总部位于波士顿的比卡拉能够筹集到比计划更多的资金。在周一确定的初步IPO条款中，该公司计划发行1170万股，每股价格在16至18美元之间。周三，比卡拉将拟议的股票销售增加到1470万股，在相同的目标价格范围内发行。

When shares finally priced late Thursday, Bicara boosted the deal size yet again, offering 17.5 million shares for $18 each, right at the top of the targeted price range. Those shares now trade on the Nasdaq under the stock symbol “BCAX.”.

周四晚些时候，当股票最终定价时，比卡拉再次扩大了交易规模，以每股18美元的价格发行了1750万股，正处于目标价格区间的顶部。这些股票现在在纳斯达克交易，股票代码为“BCAX”。

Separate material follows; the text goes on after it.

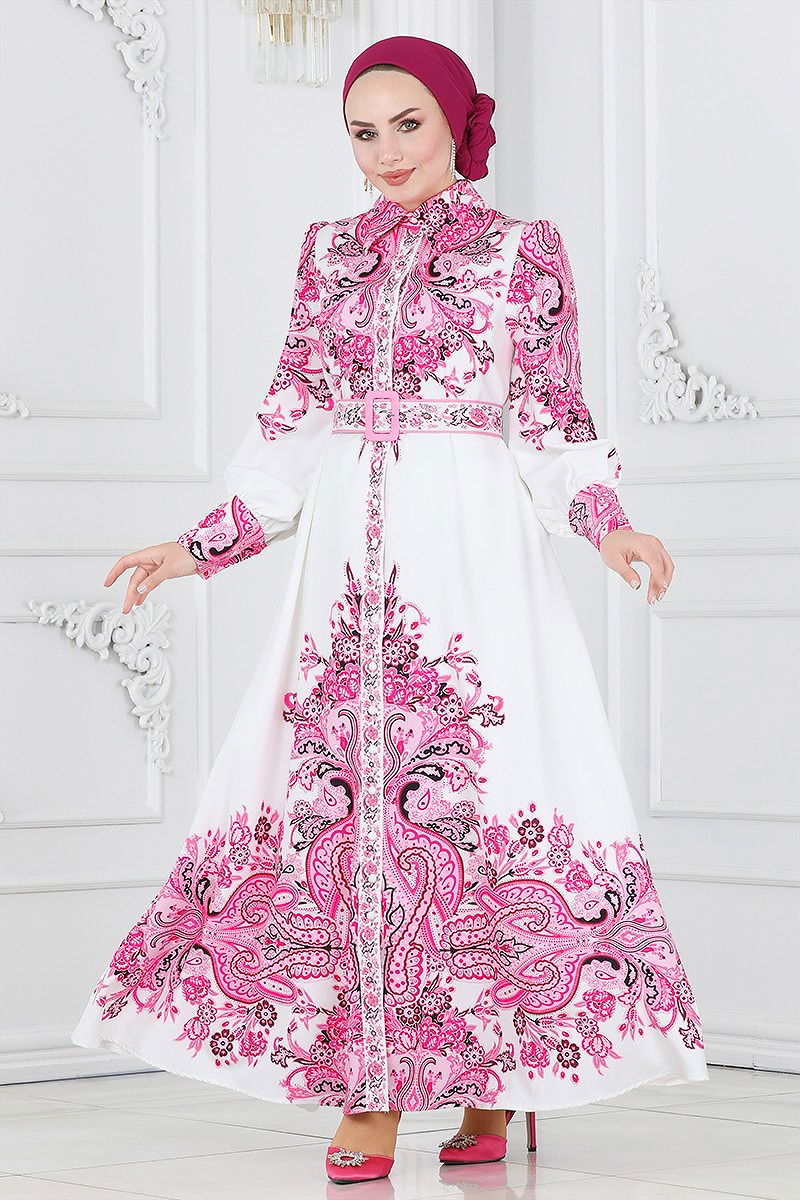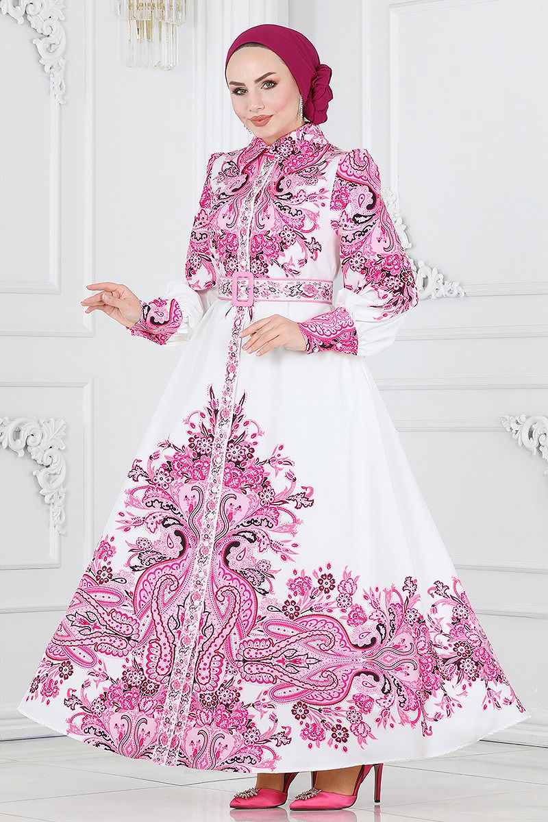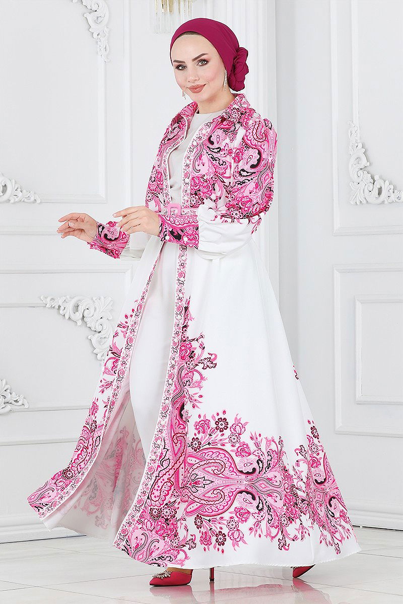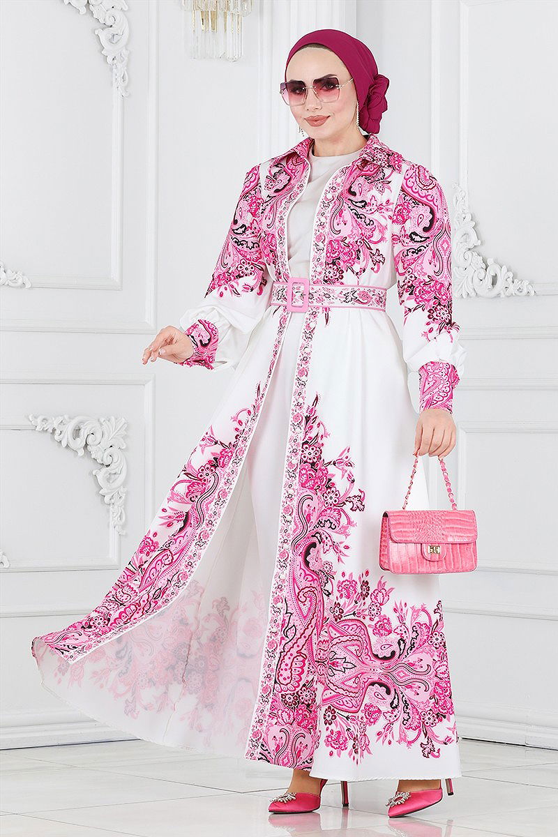 Fabric Property: It is made of Digital Printed Double Crepe fabric.It is a fabric that can be used in all seasons.Product Feature :It is a new season hijab style product. (Unlined.)Half stand-up collarThe product is worn on the head.Belt is included, can be used optionally.Active cuff buttonsThere may be a tonal difference in the product color due to the concept shots.

Most head and neck squamous cell carcinoma (HNSCC) cases come from exposure to carcinogens such as tobacco smoke or from human papillomavirus (HPV), Bicara says in its IPO filing. That virus can lead to cellular changes that over time, become precancerous and then cancerous. However, an estimated 80% of recurrent or metastatic HNSCC cases are HPV-negative.

Bicara在其首次公开募股文件中表示，大多数头颈部鳞状细胞癌（HNSCC）病例来自暴露于致癌物质，如烟草烟雾或人乳头瘤病毒（HPV）。这种病毒可以导致细胞变化，随着时间的推移，细胞会变成癌前病变，然后癌变。然而，估计80%的复发或转移性HNSCC病例是HPV阴性的。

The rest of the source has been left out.